AND NOW...THE FIRST CHAPTER:


Chapter One

chapter 1


Top Five Clues That He’s the One

1. He’s smart, which is why he’s dating you and not the queen of the snob mob.

2. He knows he’s hot, but he thinks you’re hotter.

3. He’d rather listen to you than to himself.

4. You’re in on his jokes—not the butt of them.

5. He always gives you the last cookie in the box.

THE NEW YEAR. . . when a young girl’s heart turns to new beginnings, weight loss, and a new term of chemistry!

Whew! Got that little squee out of my system. But you may as well know right now that science and music are what I do, and they tend to come up a lot in conversation. Sometimes my friends think this is good, like when I’m helping them cram for an exam. Sometimes they just think I’m a geek. But that’s okay. My name is Gillian Frances Jiao-Lan Chang, and since Lissa was brave enough to fall on her sword and spill what happened last fall, I guess I can’t do anything less.

I’m kidding about the sword. You know that, right?

Term was set to start on the first Wednesday in January, so I flew into SFO first class from JFK on Monday. I thought I’d packed pretty efficiently, but I still exceeded the weight limit by fifty pounds. It took some doing to get me and my bags into the limo, let me tell you. But I’d found last term that I couldn’t live without certain things, so they came with me. Like my sheet music and some more of my books. And warmer clothes.

You say California and everyone thinks L.A. The reality of San Francisco in the winter is that it’s cold, whether the sun is shining or the fog is stealing in through the Golden Gate and blanketing the bay. A perfect excuse for a trip to Barney’s to get Vera Wang’s tulip-hem black wool coat, right?

I thought so, too.

Dorm, sweet dorm. I staggered through the door of the room I share with Lissa Mansfield. It’s up to us to get our stuff into our rooms, so here’s where it pays to be on the rowing team, I guess. Biceps are good for hauling bulging Louis Vuittons up marble staircases. But I am so not the athletic type. I leave that to John, the youngest of my three older brothers. He’s been into gymnastics since he was, like, four, and he’s training hard to make the U.S. Olympic team. I haven’t seen him since I was fourteen—he trains with a coach out in Arizona.

My oldest brother, Richard, is twenty-six and works for my dad at the bank, and the second oldest, Darren—the one I’m closest to—is graduating next spring from Harvard and going straight into medical school after that.

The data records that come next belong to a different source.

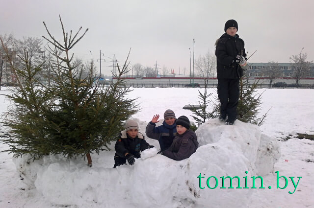 Взгляните на нее через объектив нашей фотокамеры. Здесь есть все положенные этому жанру атрибуты и персонажи: и волшебные деревья, и почти выстроенный замок, и чудо-мельница, и верный страж зимы – снеговик…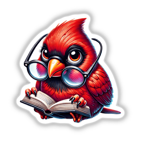 Red Cardinal Bird in Reading Glasses Open Book
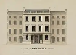 The RHA was founded as the result of 30 Irish artists petitioning the government for a charter of incorporation. According to the letters patent of 5 August 1823, The Royal Hibernian Academy of Painting, Sculpture, and Architecture was established, which included a National School of Art.[3] The first elected president was the landscape painter, William Ashford. In 1824 architect Francis Johnston was made president. He had provided headquarters for the RHA at Academy House in Lower Abbey Street at his own expense.[4] The first exhibitions took place in May 1825 and were held annually from then on. To encourage interest in the arts, works displayed at the RHA were distributed by lot as prizes among subscribers. Works by Frederick William Burton, Daniel Maclise, J. M. W. Turner and David Wilkie, among others, were presented in this way.[5] The exhibitions and school prospered and by the end of the 19th century the RHA was the leading Irish institution involved in promoting visual arts.

Yeah, we’re a family of overachievers. Don’t hate me, okay?

I heard a thump in the hall outside and got the door open just in time to come face-to-face with a huge piece of striped fiberglass with three fins.

I stood aside to let Lissa into the room with her surfboard. She was practically bowed at the knees with the weight of the duffel slung over her shoulder, and another duffel with a big O’Neill logo waited outside. I grabbed it and swung it onto her bed.

“Welcome back, girlfriend!”

She stood the board against the wall, let the duffel drop to the floor with a thud that probably shook the chandelier in the room below us, and pulled me into a hug.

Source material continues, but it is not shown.